Emma knew her look was slightly pitying. “James—”
He kissed her, his lips soft on hers. “Let me see you and I’ll prove it isn’t true,” he murmured. When she shook her head, he kissed her again and again. “Then wait here.”
Emma watched as he rose from the bed. She admired his beautiful form in the light. The way his muscles flexed as he picked up a candlestick and blew out the flame.
She stayed silent as he went around the room and snuffed out each candle until they were left in complete darkness. The bed dipped as he returned, and she felt him reach for her mask.
He slid it off and she heard him place it on the bedside table.
Then he touched her. She felt his fingertips brush along her closed eyelids, down the slope of her nose.
“Beautiful,” he whispered. “God, you’re so beautiful.”
Emma drew away, b
ut not far enough. His lips found her cheek; he pressed a kiss there.
“In the darkness you can imagine me to look anyway you’d like,” she said.
“No. It allows me to appreciate you more.” His hands slid down her neck to the tops of her shoulders. “The feel of your skin.” Down her breasts to her stomach. “The shape of you. Every part I might otherwise miss.”
He traced the lines of her body like she was a work of art. Like he wanted to be able to shut his eyes and draw her from touch. He kissed across her skin, inch by inch. Then he laid himself on top of her, their bodies pressed together, and Emma knew she would never forget how perfectly he fit there.
“Tell me your name,” he whispered against the pulse of her throat.
“Selene.”
James nipped at her, as if in chastisement. “Your real name. Tell me, and I’ll call on you tomorrow.”
Emma shook her head. She couldn’t, even amid the terrible thoughts — fake, fraud, liar — because then this would end. And god help her, she wanted to keep him right where he was, so close to her heart.
“I can’t.”
He paused, his breath coming fast. “Don’t want or can’t?”
Emma shut her eyes, knowing she had to lie. She couldn’t keep stealing time from him. “Can’t. I’m married.”
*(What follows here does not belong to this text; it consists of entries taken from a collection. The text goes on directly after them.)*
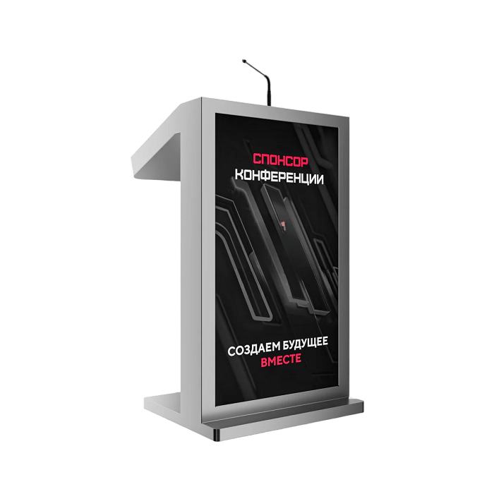 Мультимедийное решение, которое позволяет не только ярко выступить на большую аудиторию, с отображением презентационного материала, но и эффектно продемонстрировать рекламную информацию о компании, предлагаемых товарах / услугах, спикере, на большом внешнем дисплее трибуны. Модель Double 23,8" оснащена мощным микрофоном, сенсорным дисплеем для спикера, а также большим внешним дисплеем для рекламного контента и набором разъемов для подключения дополнительной техники. Такая трибуна станет прекрасным помощником на конференциях, выставках, спортивных мероприятиях или других мероприятиях, где требуется визуальная поддержка презентаций и общение с аудиторией.
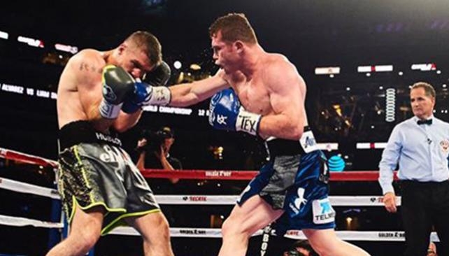 Canelo Álvarez, que salía 7,5 a 1 favorito en la pelea, colocó en el noveno asalto un potente gancho al hígado de Smith que se retorció de dolor sobre la lona del cuadrilátero, donde ya había caído anteriormente en el séptimo y octavo, respectivamente.
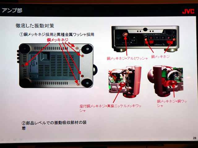 材質の異なるワッシャーを使い分けることで高音質化を図った
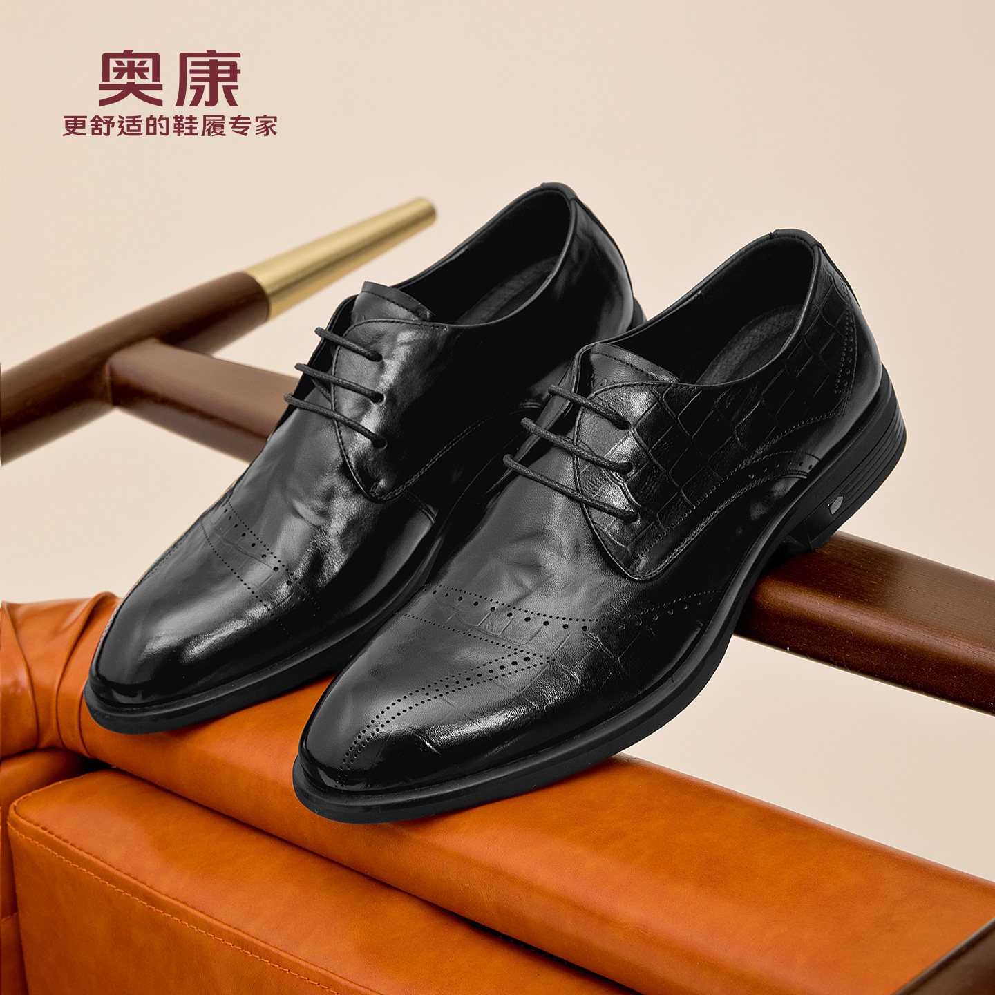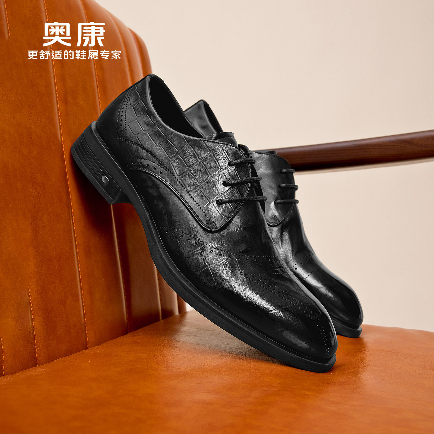 奥康 男鞋男士皮鞋男春季新款压纹正装皮鞋英伦风商务德比鞋婚鞋N

The lie sat so uneasily on her tongue, she was surprised she didn’t choke on the words. But no, they came out so smoothly, despite their bitter taste. She deceived so well.
The curse he whispered against her skin made her feel like a villain. He’d wanted to call on her, as if she were a woman he wished to court. A woman he could court.
“Then keep meeting me here. The day after tomorrow.”
She wanted to meet him here every night. Every morning. She wanted to wake up in his arms and meet his eyes without her mask. But she had duties to attend to — her work his sister. Their next essay was almost complete.
“Six days,” she told him. Then she kissed his chin. “In the meantime, go confront your inevitable.”